President Vladimir Putin continues to try to spin this crisis as an opportunity to develop domestic business. RBC.ru reported that at the All-Russian Forum of Entrepreneurs today, he said the fall in the value of the ruble opens up “additional opportunities, meaning the rate difference and some opportunities on the markets” for Russian business people (translation by The Interpreter):

“The last two years have been rather difficult for the economy, objective difficulties affected practically all her sectors, but it must be noted that on the whole, business withstood it, including small business.”

He added that there was “a certain positive dynamic” in the number of new businesses appearing.

Interestingly, by saying “two years,” Putin may be tacitly acknowledging that Russia’s problems pre-date Western sanctions for the annexation of the Crimea in March 2014.
Russia’s crisis is tied to the price of oil, which is now down to $28.15 a barrel for Brent crude, and ongoing sanctions, but also huge deficits run up by provinces to make good on Putin’s 2011 campaign promises, lack of legal guarantees for private property, and corruption.
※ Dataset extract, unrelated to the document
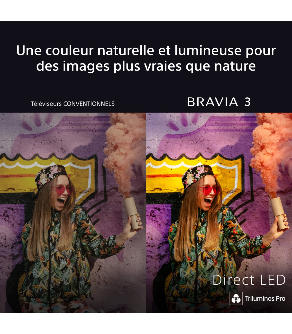 Laissez-vous subjuguer par le Sony Bravia 3 K50S35B 50" 4K UHD Direct LED, un téléviseur qui allie performance, élégance et technologie de pointe pour vous offrir une expérience visuelle incomparable.

Some analysts expect the ruble to fall further in value, even to 100 per dollar, but others think it may have hit bottom with 80 to the dollar, said RBC. 

About 150 people whose housing loans were denominated in foreign currency gathered to protest at DeltaBank today, demanding that their loans be restructured, RBC.ru reported. Several of them chained themselves to the building. Authorities have enabled debtors with loans in rubles to restructure them, but have refused to do the same for those who took loans out in dollars or euros.

A similar protest was reported at BTB24 bank branch involving 50 people who demanded to speak with bank official to re-negotiate their loans, Gazeta.ru reported.